Purpose: The purpose of this study was to characterize the management and outcomes of patients with acromegaly seen in single center in Vancouver, British Columbia, Canada over a 30 year period.
Methods: The study involved retrospective data collection from charts of patients diagnosed with acromegaly since 1980: 130 patients (63 male and 67 female) were included in the analysis, with a mean age at diagnosis of 43 years (male) and 47 years (female).

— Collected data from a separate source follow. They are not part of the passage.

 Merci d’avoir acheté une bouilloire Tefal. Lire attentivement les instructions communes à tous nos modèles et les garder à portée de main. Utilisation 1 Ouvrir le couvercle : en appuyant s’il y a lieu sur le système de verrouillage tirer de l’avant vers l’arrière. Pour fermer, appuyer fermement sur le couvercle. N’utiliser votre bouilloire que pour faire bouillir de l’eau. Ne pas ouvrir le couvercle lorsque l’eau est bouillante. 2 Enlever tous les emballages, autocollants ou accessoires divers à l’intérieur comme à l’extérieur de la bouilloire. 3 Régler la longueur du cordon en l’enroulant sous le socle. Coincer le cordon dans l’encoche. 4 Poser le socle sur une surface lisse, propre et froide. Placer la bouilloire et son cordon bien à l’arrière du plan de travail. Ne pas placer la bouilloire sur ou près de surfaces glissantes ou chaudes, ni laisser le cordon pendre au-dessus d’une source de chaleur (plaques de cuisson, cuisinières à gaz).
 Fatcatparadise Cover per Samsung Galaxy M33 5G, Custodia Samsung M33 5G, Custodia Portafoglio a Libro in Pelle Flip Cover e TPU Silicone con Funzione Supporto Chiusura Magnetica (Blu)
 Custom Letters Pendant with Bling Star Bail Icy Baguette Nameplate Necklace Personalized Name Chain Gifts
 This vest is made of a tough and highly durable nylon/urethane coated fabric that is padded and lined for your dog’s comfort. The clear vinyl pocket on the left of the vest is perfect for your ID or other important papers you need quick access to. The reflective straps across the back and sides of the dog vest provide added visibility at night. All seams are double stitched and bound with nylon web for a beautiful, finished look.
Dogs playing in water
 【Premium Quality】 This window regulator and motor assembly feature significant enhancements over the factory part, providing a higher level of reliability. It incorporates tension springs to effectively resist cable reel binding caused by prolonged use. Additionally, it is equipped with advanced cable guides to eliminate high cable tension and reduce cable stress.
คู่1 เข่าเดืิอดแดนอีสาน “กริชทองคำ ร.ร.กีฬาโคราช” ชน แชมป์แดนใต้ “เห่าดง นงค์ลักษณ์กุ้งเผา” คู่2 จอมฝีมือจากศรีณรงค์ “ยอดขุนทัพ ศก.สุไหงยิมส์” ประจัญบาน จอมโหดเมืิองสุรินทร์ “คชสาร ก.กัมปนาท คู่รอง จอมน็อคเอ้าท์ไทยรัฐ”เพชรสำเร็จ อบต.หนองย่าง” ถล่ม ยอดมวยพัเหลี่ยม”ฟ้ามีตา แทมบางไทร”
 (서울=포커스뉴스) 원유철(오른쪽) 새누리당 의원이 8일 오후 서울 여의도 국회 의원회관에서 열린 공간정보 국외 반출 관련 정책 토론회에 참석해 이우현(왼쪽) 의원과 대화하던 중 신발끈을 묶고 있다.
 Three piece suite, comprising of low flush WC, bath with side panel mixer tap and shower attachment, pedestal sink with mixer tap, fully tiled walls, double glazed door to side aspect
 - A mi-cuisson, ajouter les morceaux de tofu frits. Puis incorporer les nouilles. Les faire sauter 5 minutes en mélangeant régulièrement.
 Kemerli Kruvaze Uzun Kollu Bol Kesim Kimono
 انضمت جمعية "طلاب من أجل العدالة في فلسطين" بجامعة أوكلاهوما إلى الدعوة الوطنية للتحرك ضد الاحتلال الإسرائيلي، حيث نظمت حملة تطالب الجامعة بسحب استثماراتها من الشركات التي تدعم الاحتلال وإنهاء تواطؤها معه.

Results: The most common presenting features included acral enlargement, coarse facial features, sweating/oily skin and headache. All cases were caused by pituitary adenomas, of which 58.5% were macroadenomas and of these, 30.8% were invasive. The most common co-morbidities were hypertension 31.5%, arthralgia 28%, diabetes 27.7% and sleep apnea 23.8%. The vast majority (88.5%) of patients was treated surgically and of these patients, 21.5% also received radiotherapy and 66.9% received medical therapy. When stringent cure criteria were applied (based on latest growth hormone (GH) and IGF-1 results) the outcomes were 35.4% cured or controlled, 30% remained active, 15.4 discordant results and 19.2 % with no results reported. Twenty eight percent of patients who underwent surgery and 32% of patients who underwent radiotherapy were not cured but symptoms were moderately well controlled with medical therapy.
Conclusion: Based on the size of population studied, this study showed a prevalence of acromegaly of 29 per million. The cure rate was low following surgery but with adjuvant medical treatment disease control was achieved in most individuals.